▶ **Collected data**
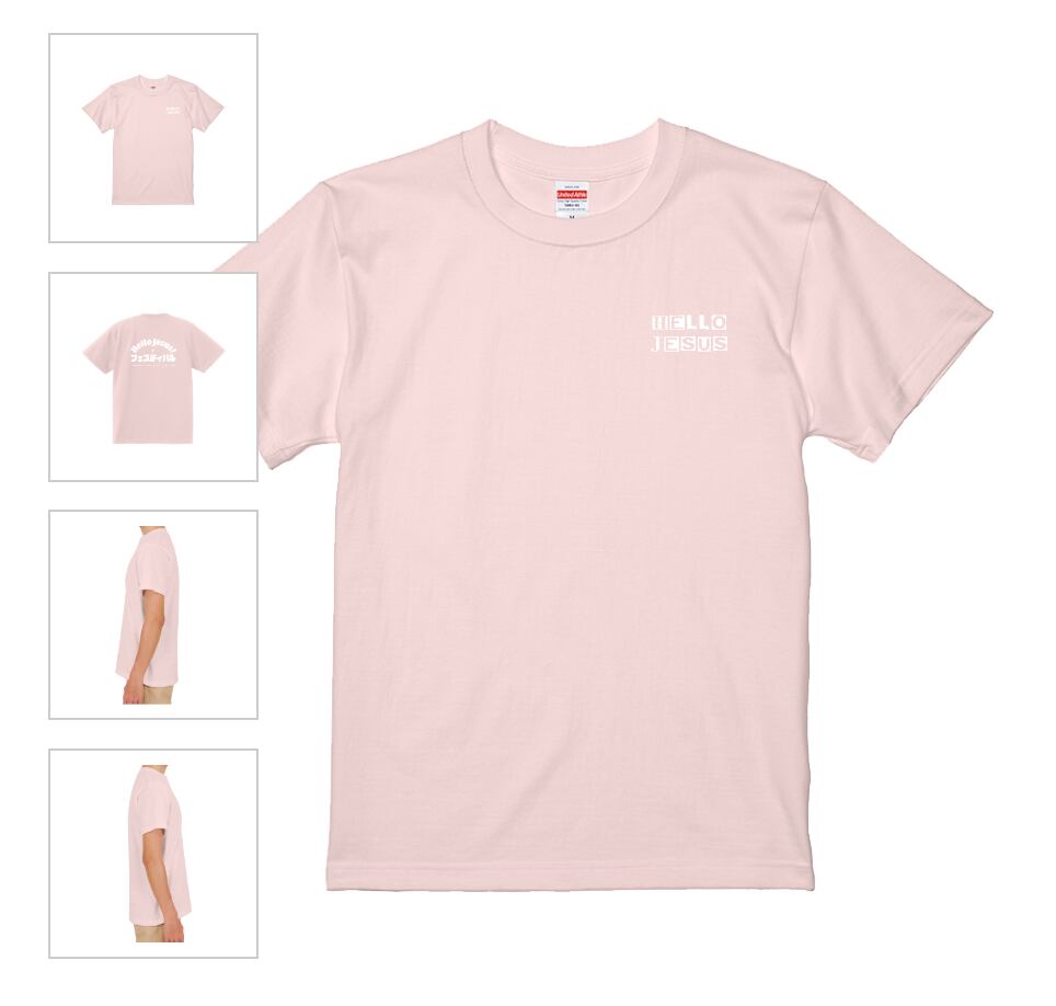 サイズはS、M、L、XL 色はベビーピンクです。 薄すぎず、厚すぎず、肌触りの良い質感のTシャツです。皆さんの応援のおかげでハロージーザスフェスティバルを5年間続けてくることができた感謝と記念に作りました!
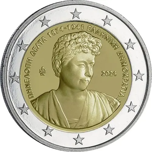 | Obverse description | The design features a portrait of Penelope Delta. The theme is bordered by the wording ‘ΠΗΝΕΛΟΠΗ ΔΕΛΤΑ 1874-1941’ (‘PENELOPE DELTA 1874-1941’) and ‘ΕΛΛΗΝΙΚΗ ΔΗΜΟΚΡΑΤΙΑ’ (‘HELLENIC REPUBLIC’). To the left is a palmette (mintmark of the Greek Mint) and to the right the minting year. Penelope Delta was a pioneer of children’s literature in Greece. Generations of Greek children have been raised with her books, which remain popular. The coin’s outer ring depicts the 12 stars of the European flag. |
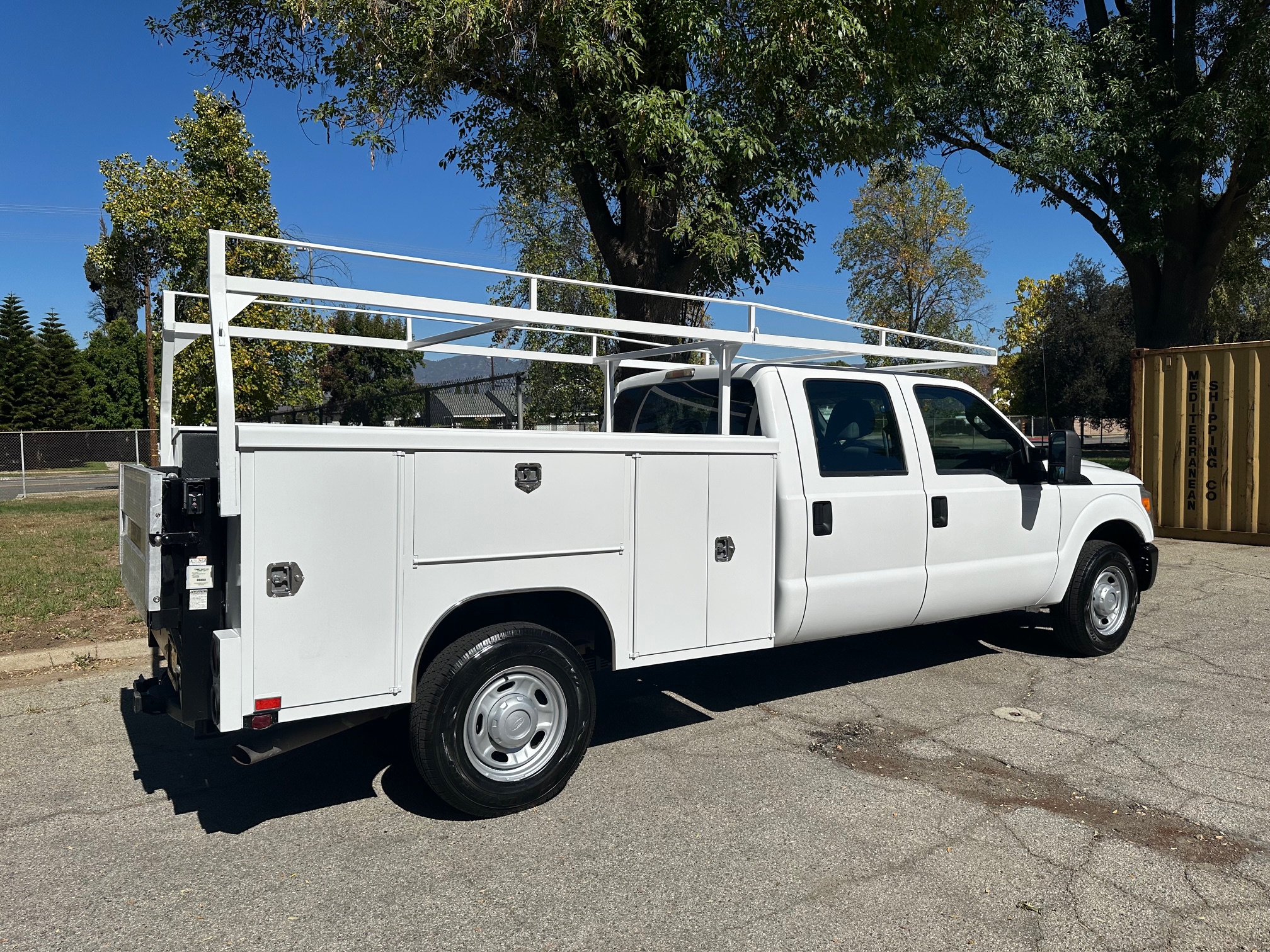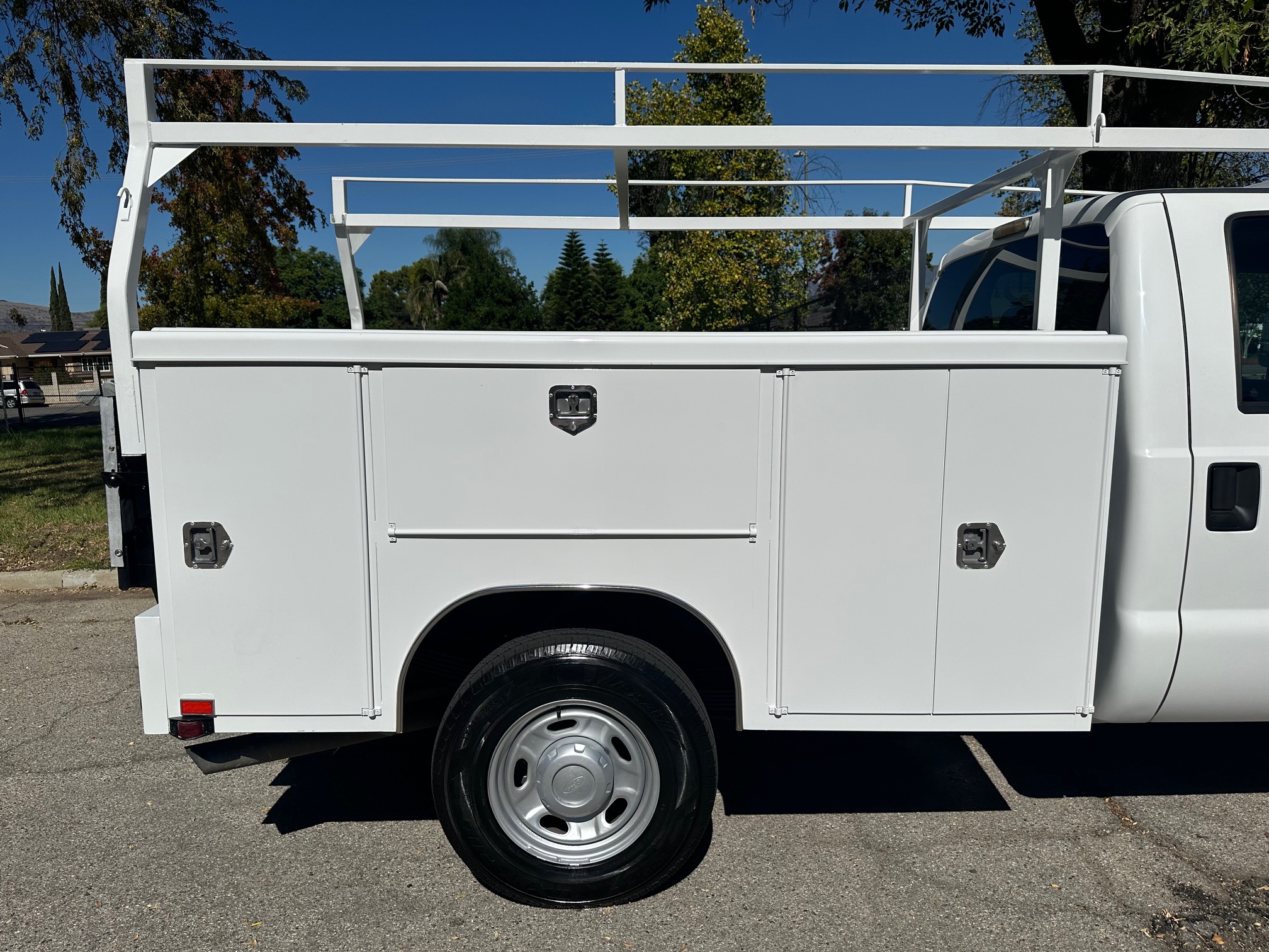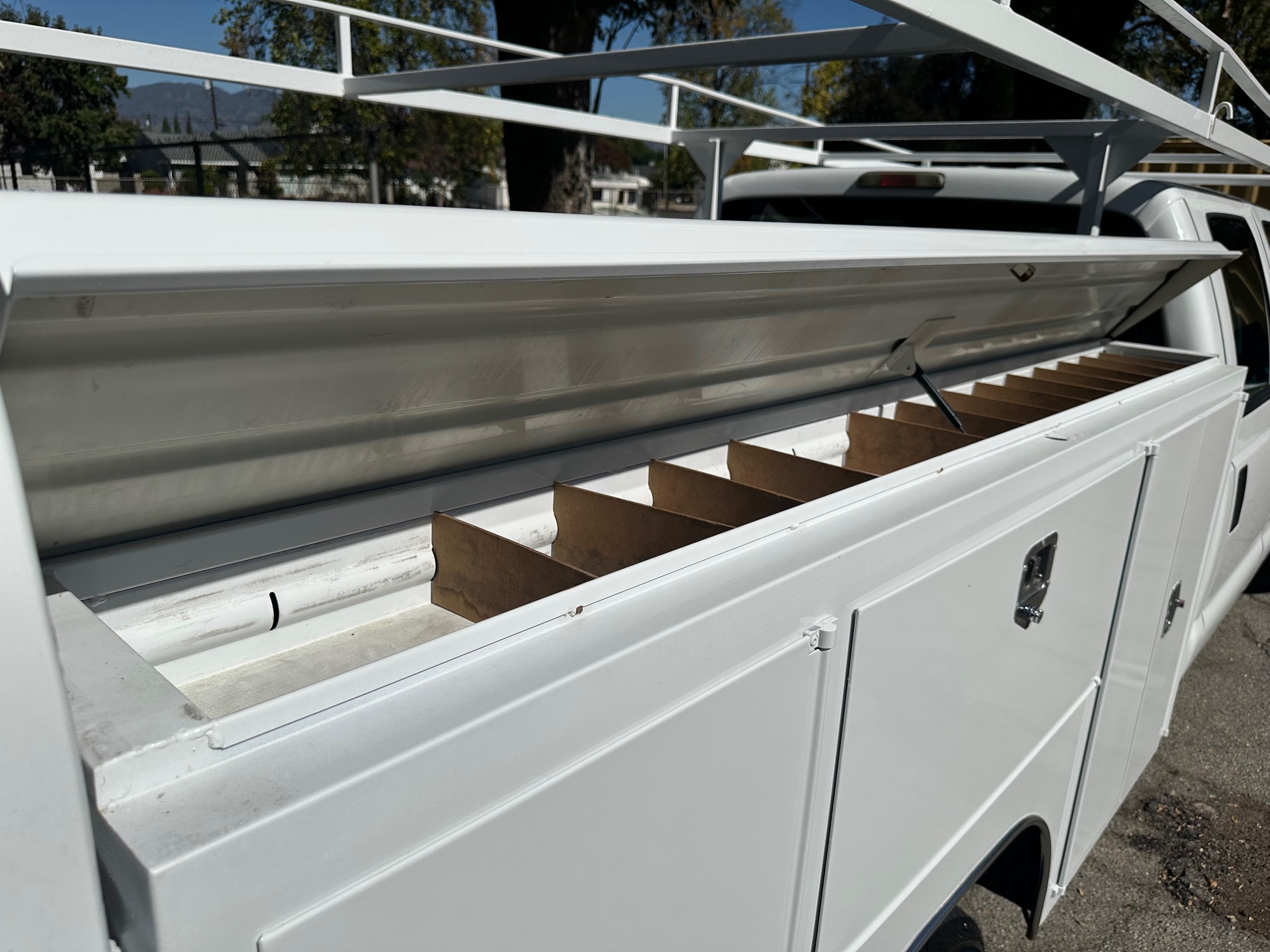 2011 Ford F-350 Crew Cab Service Body/ Utility Truck with Liftgate, 6.2L V-8, auto trans, low 59k miles, tilt, cruise, Bluetooth radio, trailer brakes, Pacific service body, top loader trays, ladder rack, spray in bedliner, tow pkg, Tommy aluminum liftgate, new tires, Ex-Gov., fleet maintained since new. Nationwide shipping and financing are available. Checkout all our inventory at TruckDepotLA.com.

▶ **Problem description**
Output all the data, exactly, without images.

▶ **Your response**
 サイズはS、M、L、XL 色はベビーピンクです。 薄すぎず、厚すぎず、肌触りの良い質感のTシャツです。皆さんの応援のおかげでハロージーザスフェスティバルを5年間続けてくることができた感謝と記念に作りました!
 | Obverse description | The design features a portrait of Penelope Delta. The theme is bordered by the wording ‘ΠΗΝΕΛΟΠΗ ΔΕΛΤΑ 1874-1941’ (‘PENELOPE DELTA 1874-1941’) and ‘ΕΛΛΗΝΙΚΗ ΔΗΜΟΚΡΑΤΙΑ’ (‘HELLENIC REPUBLIC’). To the left is a palmette (mintmark of the Greek Mint) and to the right the minting year. Penelope Delta was a pioneer of children’s literature in Greece. Generations of Greek children have been raised with her books, which remain popular. The coin’s outer ring depicts the 12 stars of the European flag. |
 2011 Ford F-350 Crew Cab Service Body/ Utility Truck with Liftgate, 6.2L V-8, auto trans, low 59k miles, tilt, cruise, Bluetooth radio, trailer brakes, Pacific service body, top loader trays, ladder rack, spray in bedliner, tow pkg, Tommy aluminum liftgate, new tires, Ex-Gov., fleet maintained since new. Nationwide shipping and financing are available. Checkout all our inventory at TruckDepotLA.com.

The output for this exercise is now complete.